Only what runs from the line with "本屆評選于今年4月啟動,在歷" to the end of the data should appear in the answer, exactly as written and without pictures.

*Data excerpt*
- - -
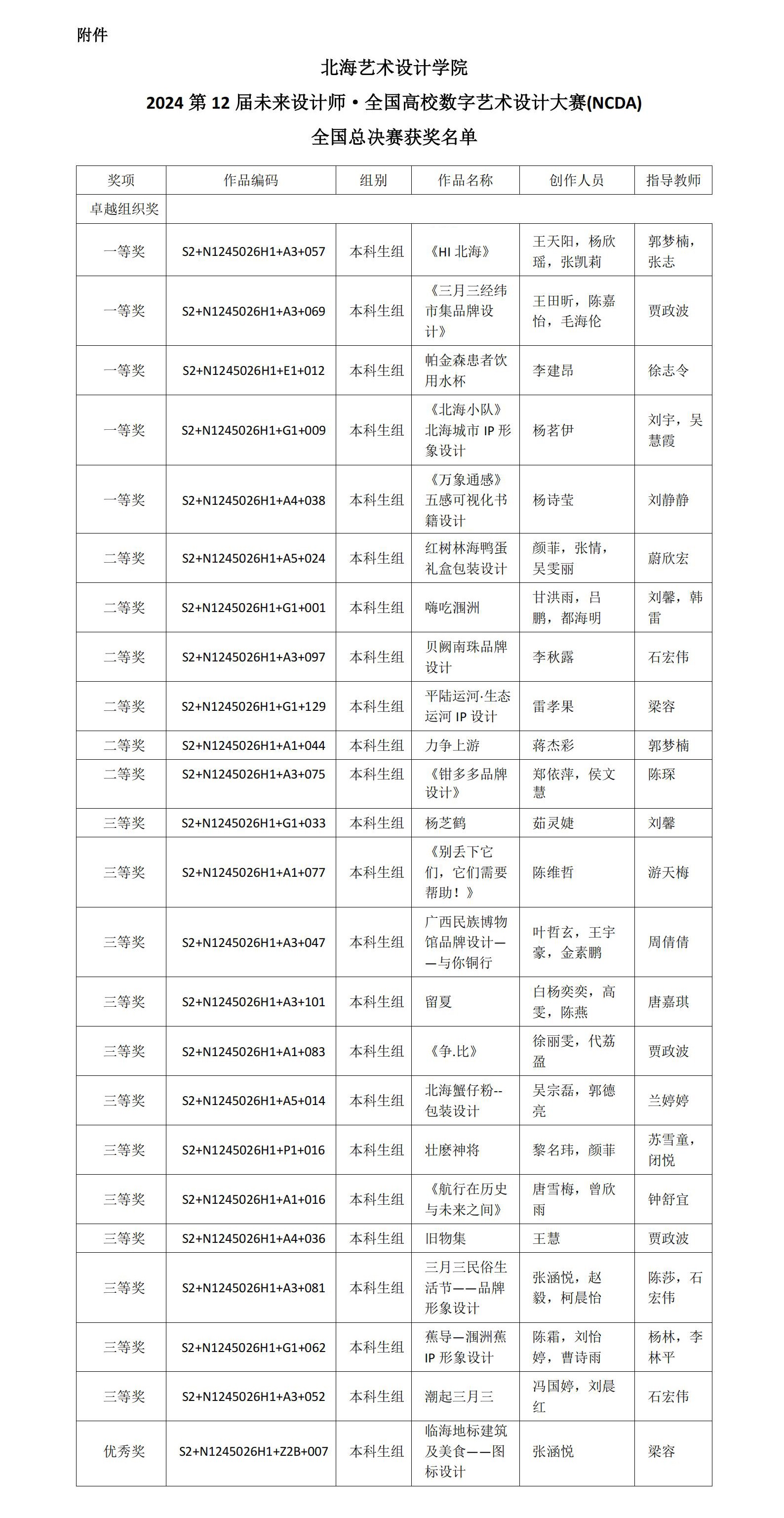 我院师生在202412届未来设计师·全国高校数字艺术设计大赛(NCDA)中取得优异成绩!我院学生共荣获全国一等奖5项、二等奖6项、三等奖12优秀奖1项;广西区赛一等奖45项、二等奖32项、三等奖40我院荣获教师组广西赛区二等奖1项、三等奖1项。
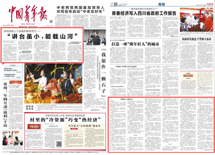 师大新闻网讯 2月1日,中国青年报客户端以“讲台虽小 能载山河 海拔4000米讲台上的坚守”为题,通过真实细腻的叙事生动展现了beat365体育官方网站毕业生响应国家号召,奔赴西藏基层从事教育工作的感人事迹,深刻诠释了“教育报国”的崇高精神和新时代青年的责任担当。另讯,2月6日,《中国青年报》在01版和02版全文刊发了该报道。
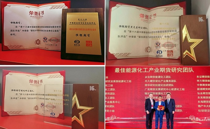 本屆評選于今年4月啟動,在歷時四個多月,經(jīng)過手機投票、專家評審等環(huán)節(jié),恒銀期貨最終榮獲“最佳能源化工產(chǎn)業(yè)期貨研究團隊”、“最佳黑色產(chǎn)業(yè)期貨研究團隊”以及“最佳鄉(xiāng)村振興服務及社會責任公益獎”。
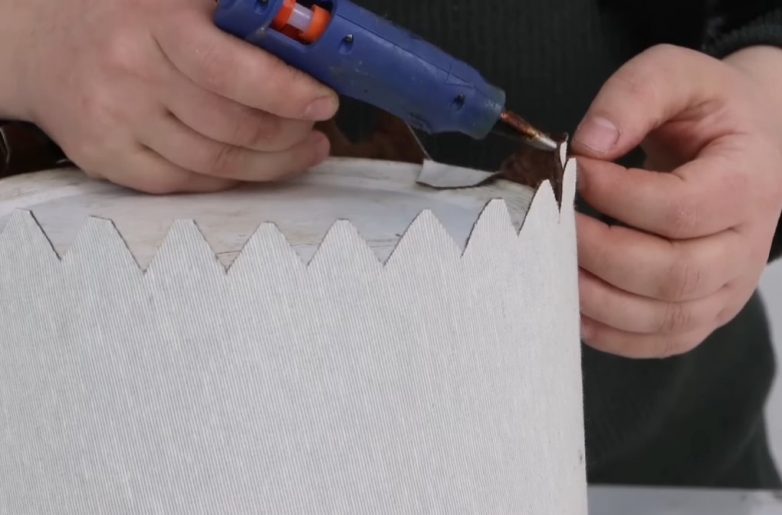 Чтобы аккуратно обклеить дно, сделайте на ткани треугольные вырезы и зафиксируйте ткань с помощью горячего клея.
- - -
*Completed task*
 本屆評選于今年4月啟動,在歷時四個多月,經(jīng)過手機投票、專家評審等環(huán)節(jié),恒銀期貨最終榮獲“最佳能源化工產(chǎn)業(yè)期貨研究團隊”、“最佳黑色產(chǎn)業(yè)期貨研究團隊”以及“最佳鄉(xiāng)村振興服務及社會責任公益獎”。
 Чтобы аккуратно обклеить дно, сделайте на ткани треугольные вырезы и зафиксируйте ткань с помощью горячего клея.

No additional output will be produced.